Bacterial lineages within the NCBI Clostridium subclusters IV and XIVa associate with FLI

Continuous FLI and differences between FLI groups in the FINRISK 2002 cohort (FLI < 60, N = 4,359 and FLI ≥ 60, N = 1,910; see Figure 1a, Figure 1b, Table S1) were modeled with gradient boosting regression or classification using Leave-One-Group-Out Cross-Validation (LOGOCV) between participants from different regions. Only the bacterial PhILR transformed Centrifuge/GTDB data were used here, to find robust associations between phylogenetically related bacterial clades and fatty liver disease (instead of single taxa).
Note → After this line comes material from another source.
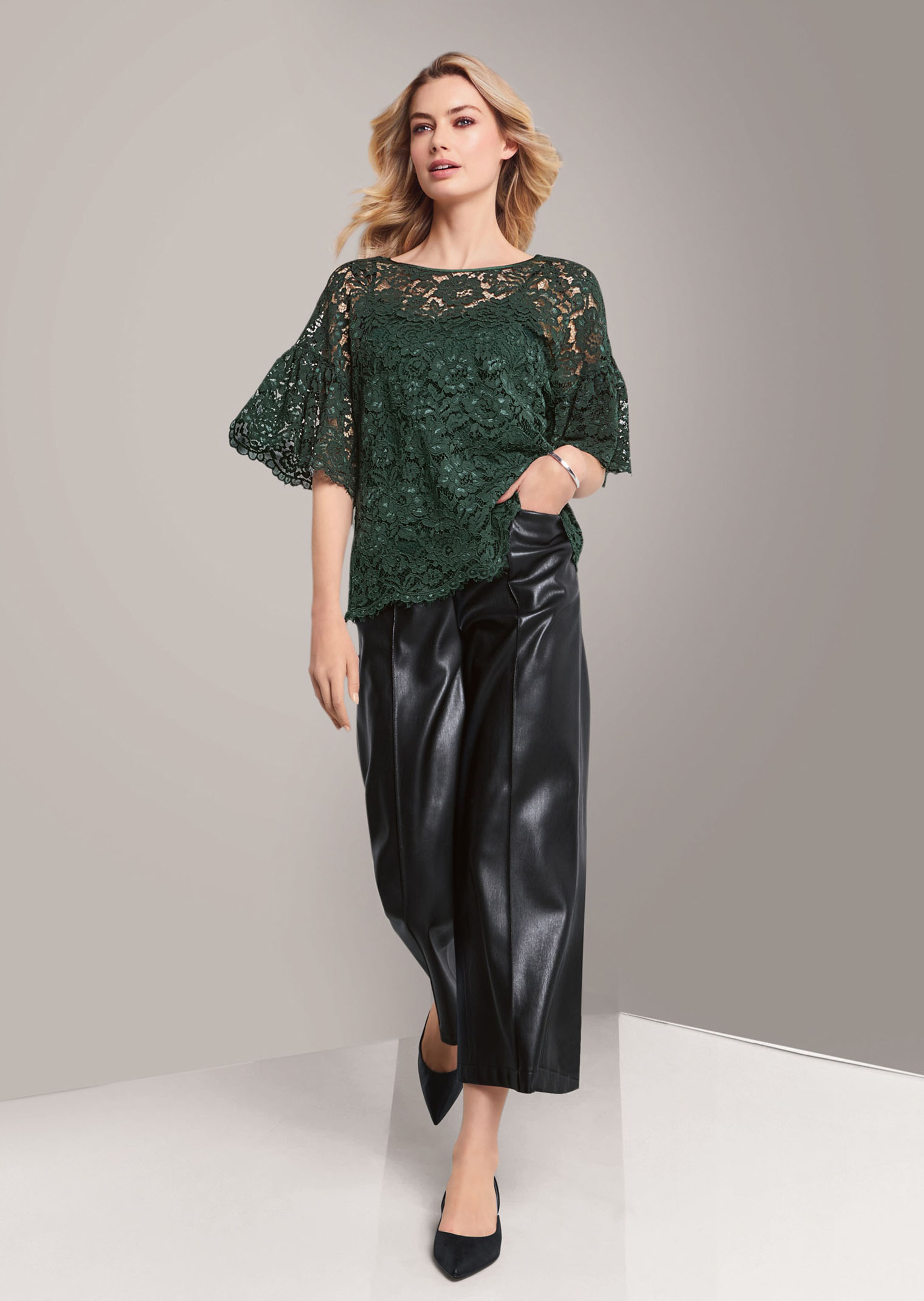 Sie lieben feminine Stylings mit modernem Romantik-Touch? Die Spitzenbluse mit Rüschen lässt fein das Darunter hervorblitzen. Dank des elastischen Jerseytops mit verstellbaren Trägern wird sie blickdicht. Wir haben sie für einen modernen Look im femininen Boxystyle mit Volantärmeln, U-Boot-Ausschnitt, eingefasster Ausschnittkante und eingefassten Innennähten gestaltet. Die wertvolle Spitze trägt sich durch den Mix mit Baumwolle angenehm auf der Haut. Ein raffiniertes Detail sind die BH-Halter: Sie können daran Ihre BH-Träger befestigen, so sitzt die Bluse immer optimal.
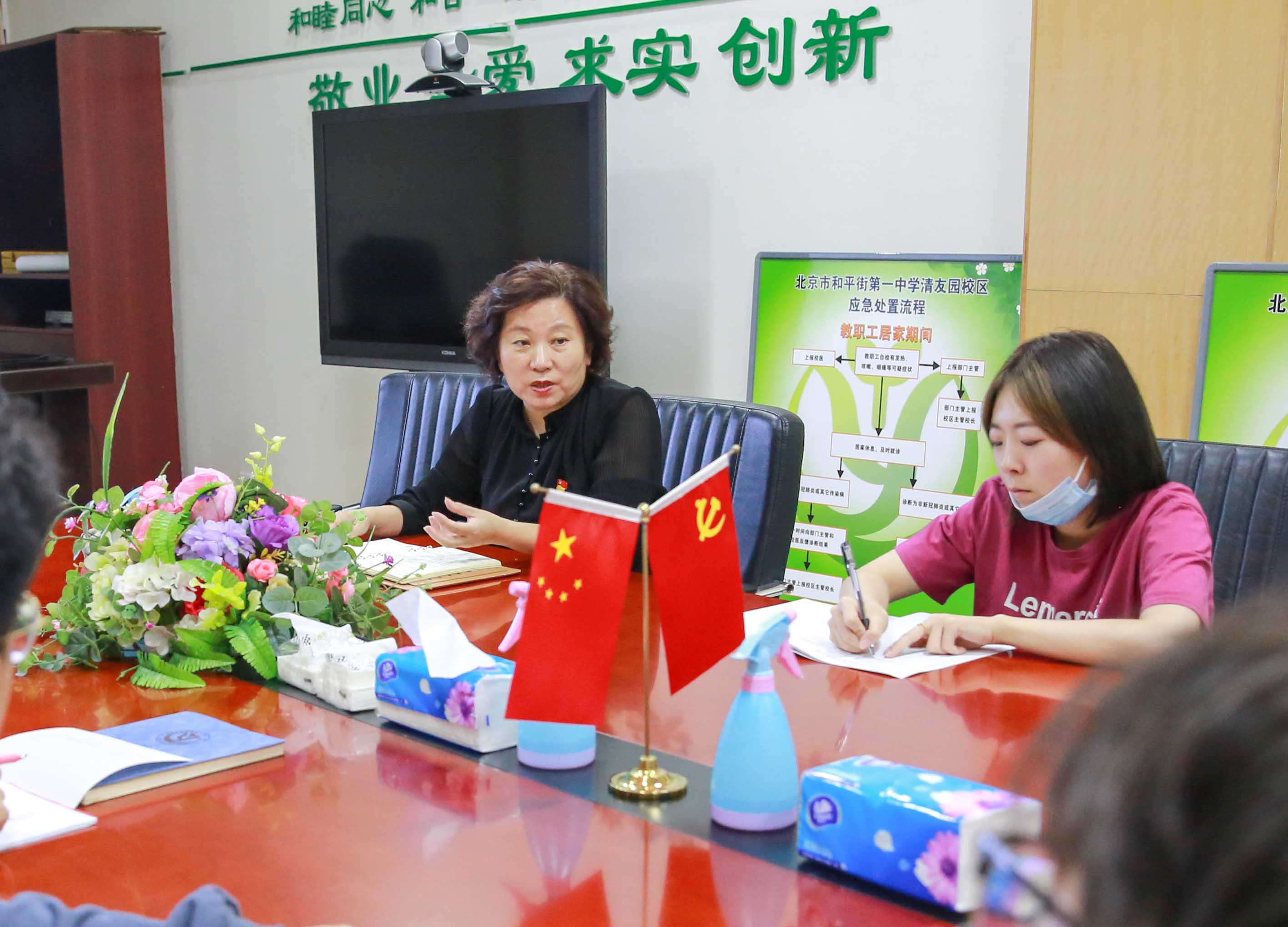 2020年9月11日下午15:30,北京市和平街第一中学清友园校区召开了2020年新入职教师培训会。培训会由校区主管校长殷桂萍主持,办公室主任熊玉荣、德育处主任何凤驰参加了培训会。

After feature selection and Bayesian hyperparameter optimization, the correlation between the predictions of the final regression models (age, sex, self-reported alcohol use, and 18 bacterial balances as features; each trained on the data from 5/6 regions) and true values in unseen data from the omitted region averaged R² = 0.30 (0.26–0.33). After feature selection and optimization, the main classification models (age, sex, and 11 bacterial balances as features; each trained on the data from 5/6 regions) averaged AUC = 0.75 (Table S2) and AUPRC = 0.56 (baseline at 0.30; Table S3) on (unseen) test data from the omitted region. Models trained using only the covariates averaged AUC = 0.71 (AUPRC = 0.47) and using only the 11 bacterial balances they averaged AUC = 0.66 (AUPRC = 0.47) on test data. Alternative models were constructed by excluding participants with FLI between 30 and 60 (N = 1,583) and discerning between groups of FLI < 30 (N = 2,776) and FLI ≥ 60 (N = 1,910). These models averaged AUC = 0.80 (AUPRC = 0.75, baseline at 0.41) on their respective test data (Tables S2, S3). They averaged AUC = 0.76 (AUPRC = 0.68) when using only the covariates, and AUC = 0.70 (AUPRC = 0.63) when using only the 20 bacterial balances.

Because training data from all six regions were used to prevent overfitting in the selection of core features for all of the models, and similarly in searching for common hyperparameters, participants from the validation region of each model (in the training partition) partly influenced these parameters. Thus, we also constructed classification models discerning between the FLI < 60 and FLI ≥ 60 groups, where data of the validation region were completely excluded in the feature selection and hyperparameter optimization of each LOGOCV model. These models, using their individual feature sets and hyperparameters, averaged AUC = 0.75 and AUPRC = 0.57 (baseline at 0.30) on test data from their respective validation regions (Table S4). Using only covariates, they averaged AUC = 0.71 (AUPRC = 0.47), and AUC = 0.67 (AUPRC = 0.48) with only the bacterial balances.

Our external validation data consisted of 258 participants after exclusion of pregnant participants or those on antibiotics in the past 6 months, in the FINRISK 2007 population cohort (Table S1, Figure S5).³⁰ The participants originate from North Karelia and Helsinki/Vantaa regions in Finland, and their samples were processed with the same methodology as was used for FINRISK 2002 (with Centrifuge/GTDB approach and PhILR). In this external validation, the six full models trained with covariates and the 11 bacterial balances in FINRISK 2002 averaged AUC = 0.77 (AUPRC = 0.51, baseline at 0.21; Table S5). The covariate-only models averaged AUC = 0.72 (AUPRC = 0.40) and the balance-only models averaged AUC = 0.69 (AUPRC = 0.44). The receiver operating characteristic and precision–recall curves based on the averaged predictions of the models, tested on these external validation data, also display good predictive ability (AUC = 0.78, AUPRC = 0.51 with baseline at 0.51; Figure S6)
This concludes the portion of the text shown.